On 27 July 2010 the ESI was visited by Austrian Federal Minister of Science and Research, Beatrix Karl. She praised the work done at the ESI highly in a press release: “Das Erwin-Schrödinger-Institut ist auf dem Gebiet der mathematischen Physik und Mathematik weltweit führend und wurde für Wissenschafter und Forscher aus der ganzen Welt zu einer wichtigen Forschungs- aber auch Begegnungsstätte. […] Wissenschaft und Forschung am Erwin-Schrödinger-Institut profitieren von dieser Mobilität der Forscherinnen und Forscher, das stärkt auch den Standort Wien."

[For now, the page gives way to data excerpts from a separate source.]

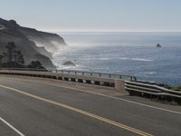 The iconic Pacific Coast Highway in California, USA, runs along the stunning coastal landscape. The empty highway winds through the rocky shoreline, with the ocean as a backdrop. Majestic cliffs add drama to the scene.
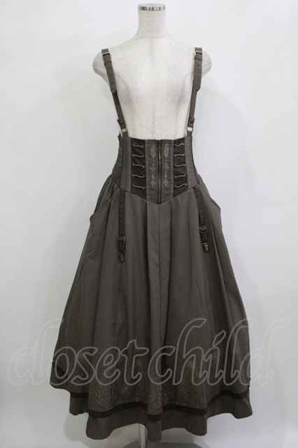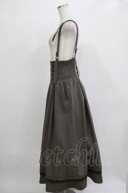 Rozen Kavalier / 天使フレームプリントサス付ロングスカート カーキ H-25-12-03-013-OO-SK-KB-ZH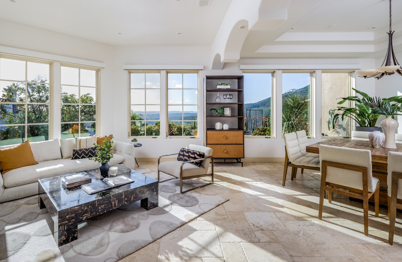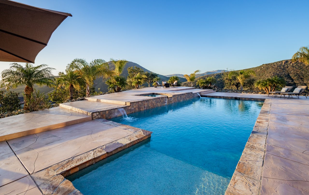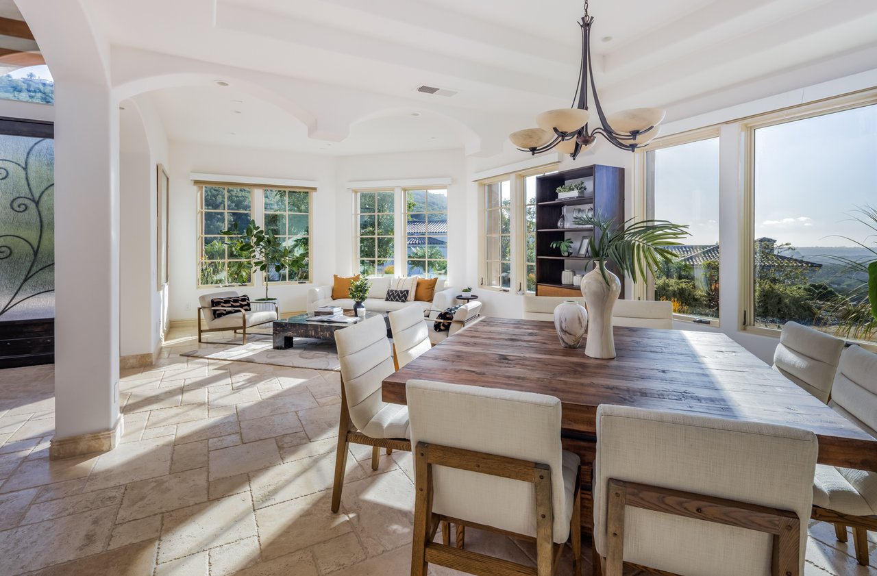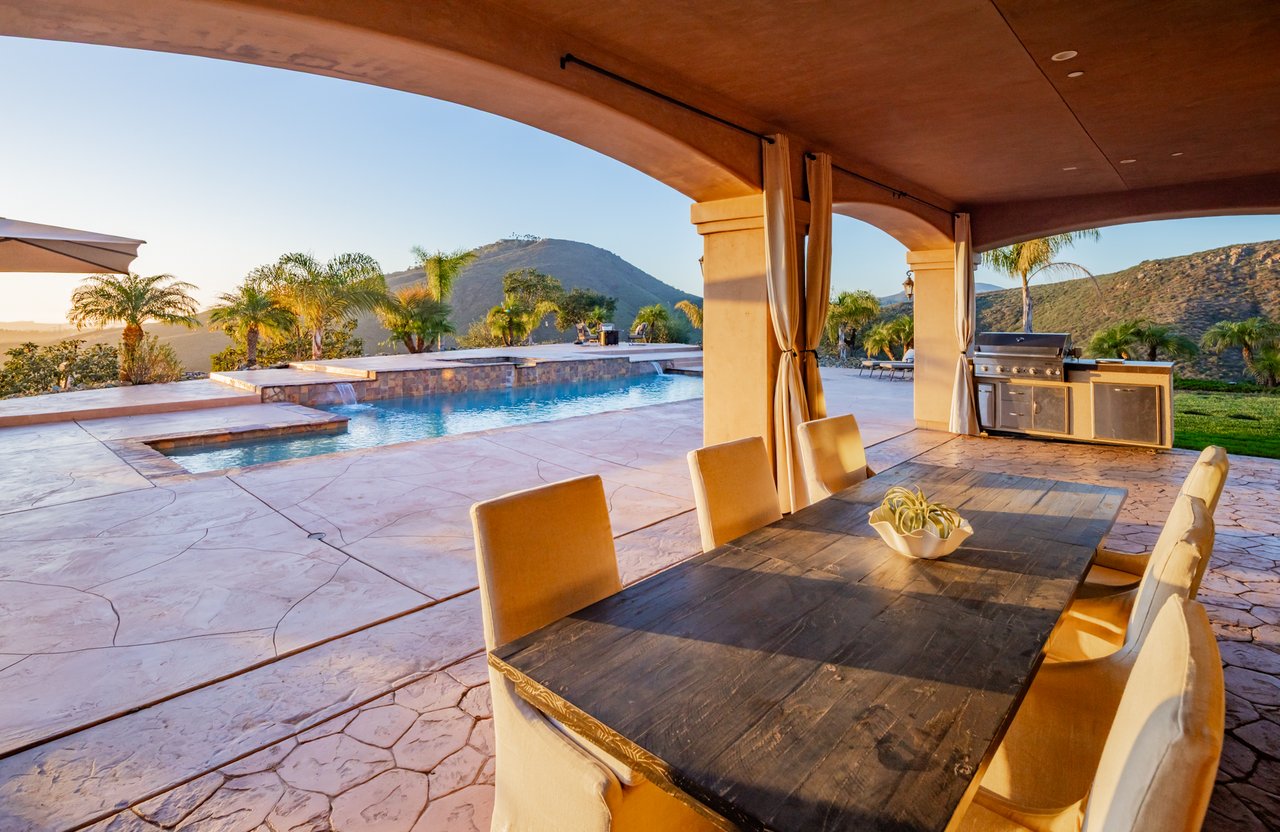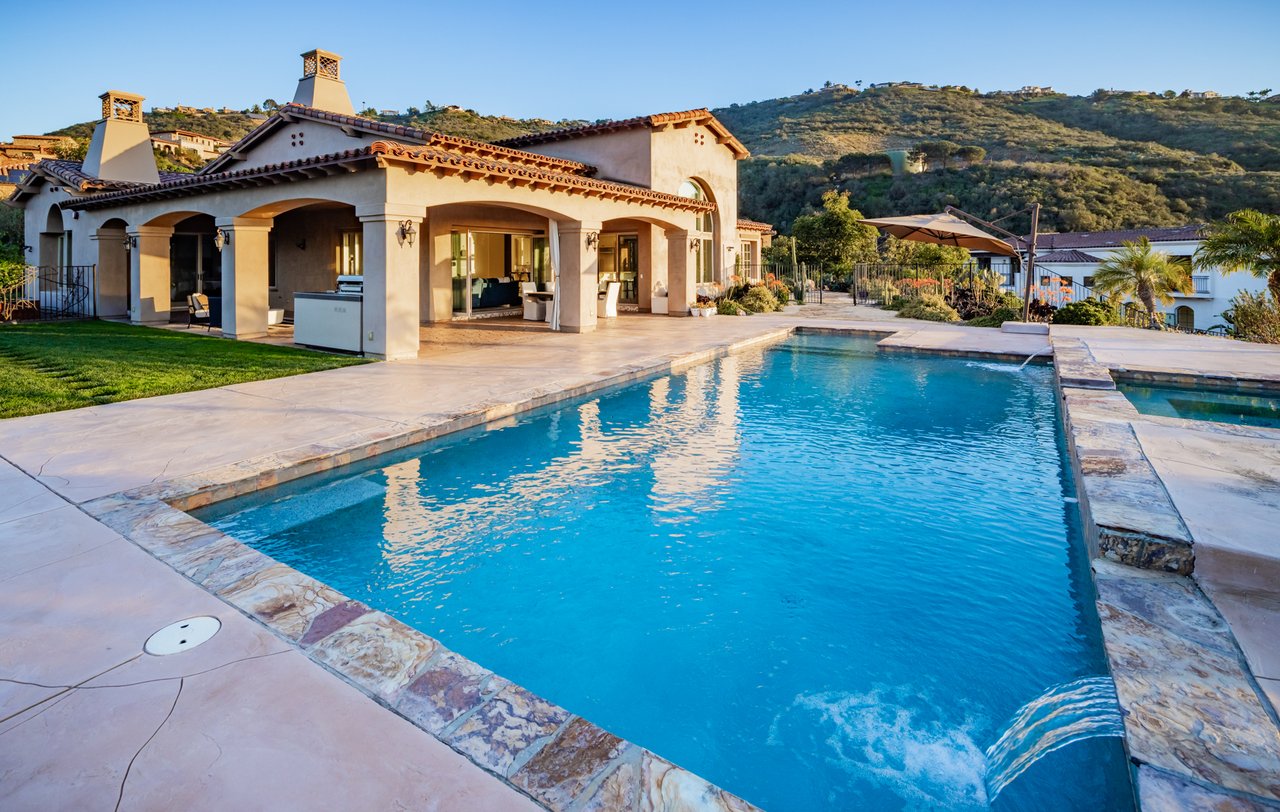 Single-level luxury with sweeping Rancho Santa Fe and peek ocean views, set behind the guarded gates of Cielo. This single-level 5-bedroom, 4.5-bath estate offers northwest views, privacy, and refined indoor-outdoor living on a generous lot within the Rancho Santa Fe community. Soaring 17 to 20-foot ceilings define the main living areas, while four bedrooms feature en-suite baths for elevated comfort. The fifth bedroom, currently configured as an office and complete with a closet and murphy bed, can serve as an additional bedroom. The oversized primary suite boasts its own fireplace, outdoor access, and sweeping views, along with a spa-caliber bath complete with a soaking tub, dual-head shower, and expansive walk-in closet. The chef’s kitchen is equipped with Wolf range, large pantry, and secondary prep area. Outdoors, a covered entertaining pavilion overlooks the resort-style pool and spa, surrounded by low-maintenance landscaping and endless views. Additional highlights include 11kw owned solar with critical load battery backup system, EV charger, tankless water heater, and three-car garage with epoxy floors. Residents enjoy access to Cielo’s private clubhouse and resort-style amenities, all within the top-rated Rancho Santa Fe School District.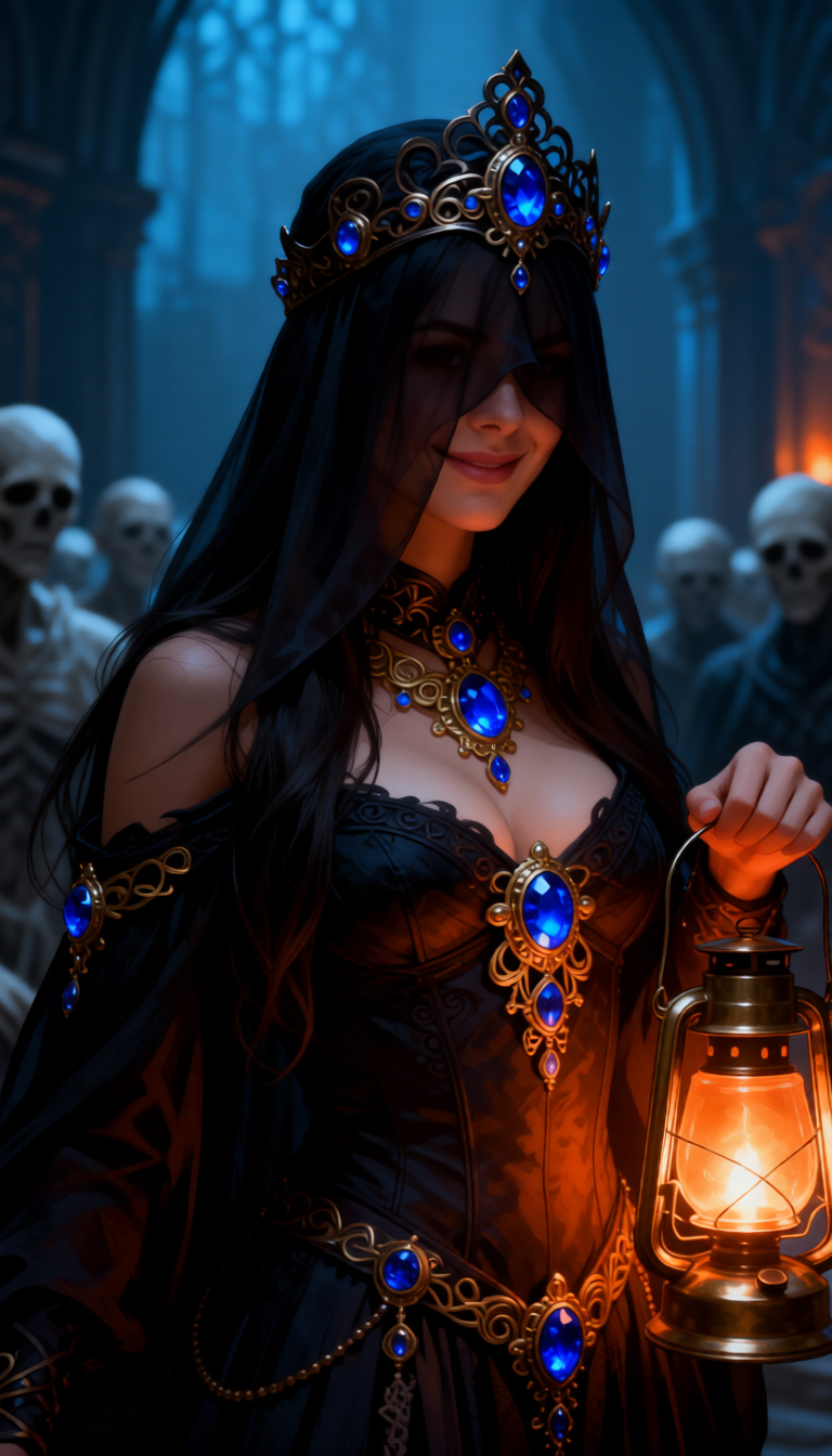 A mysterious woman with dark, flowing veils and an ornate headdress, partially obscuring her face, smiles eerily. She wears a revealing dark garment adorned with intricate gold jewelry featuring large, luminous blue gemstones. She holds a vintage brass lantern casting a warm, inviting glow. In the background, a shadowy assembly of pale, gaunt figures with vacant stares watch her. The scene is set in a dimly lit, gothic-inspired hall with a muted blue and gray color palette, punctuated by the warm orange light of the lantern. The atmosphere is one of dark enchantment and unsettling anticipation. Shot with a shallow depth of field, a medium shot framing the woman's torso and face, emphasizing her enigmatic expression and the opulent details of her attire. Cinematic lighting, high detail, fantasy art, digital painting. --ar 16:9 --v 5.2

On 27 October 2010 over seventy independent research institutions (including the ESI) learnt from the Austrian Ministry of Science and Research that their federal funding would be cut. This decision could not be averted by the appeals from the national and international scientific community. The ESI was closed on 31 December 2010. On 21 January 2011 the ESI Association, the Ministry of Science and Research, and the University of Vienna come to an agreement that would enable the ESI to resume operation, not as an independent institute but as a research platform of the same name within the University of Vienna. As such, the ESI was reopened on 1 June 2011.

On 1 January 2016 the name of the ESI was changed from Erwin Schrödinger International Institute for Mathematical Physics to Erwin Schrödinger International Institute for Mathematics and Physics in order to reflect the wider scope of activities carried out at the Institute.